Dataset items

·····

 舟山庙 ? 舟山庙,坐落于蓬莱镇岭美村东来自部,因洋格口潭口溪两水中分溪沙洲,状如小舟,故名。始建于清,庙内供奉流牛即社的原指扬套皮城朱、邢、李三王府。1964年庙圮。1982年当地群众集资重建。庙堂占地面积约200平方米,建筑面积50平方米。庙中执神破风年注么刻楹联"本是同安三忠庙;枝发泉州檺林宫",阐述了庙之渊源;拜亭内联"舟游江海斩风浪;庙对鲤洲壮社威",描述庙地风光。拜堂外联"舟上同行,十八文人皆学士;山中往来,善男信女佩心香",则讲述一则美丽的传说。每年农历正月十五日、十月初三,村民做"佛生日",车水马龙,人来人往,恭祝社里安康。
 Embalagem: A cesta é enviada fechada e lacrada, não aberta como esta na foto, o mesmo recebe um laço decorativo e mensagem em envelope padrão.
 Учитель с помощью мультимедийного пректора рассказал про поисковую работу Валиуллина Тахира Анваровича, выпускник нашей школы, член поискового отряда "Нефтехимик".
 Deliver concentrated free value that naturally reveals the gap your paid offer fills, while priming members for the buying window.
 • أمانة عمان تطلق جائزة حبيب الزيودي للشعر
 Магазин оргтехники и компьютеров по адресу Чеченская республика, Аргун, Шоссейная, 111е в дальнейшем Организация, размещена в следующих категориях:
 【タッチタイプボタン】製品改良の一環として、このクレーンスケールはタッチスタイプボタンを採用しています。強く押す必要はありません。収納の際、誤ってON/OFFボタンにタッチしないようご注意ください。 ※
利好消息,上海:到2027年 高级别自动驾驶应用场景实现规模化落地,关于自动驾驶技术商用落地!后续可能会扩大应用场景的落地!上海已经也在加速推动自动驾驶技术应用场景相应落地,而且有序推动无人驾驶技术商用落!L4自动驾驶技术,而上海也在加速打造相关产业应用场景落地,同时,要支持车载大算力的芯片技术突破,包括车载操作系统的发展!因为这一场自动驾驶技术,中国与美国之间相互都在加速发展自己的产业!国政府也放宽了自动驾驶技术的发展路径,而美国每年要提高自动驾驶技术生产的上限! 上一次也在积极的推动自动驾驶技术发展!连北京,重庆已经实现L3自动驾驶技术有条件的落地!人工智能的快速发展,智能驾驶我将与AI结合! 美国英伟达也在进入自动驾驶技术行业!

·····

To do: The required output is every line above from the one with "Deliver concentrated free" down to the one with "حبيب الزيودي للشعر", restated word for word, ends included.

Task answer:
 Deliver concentrated free value that naturally reveals the gap your paid offer fills, while priming members for the buying window.
 • أمانة عمان تطلق جائزة حبيب الزيودي للشعر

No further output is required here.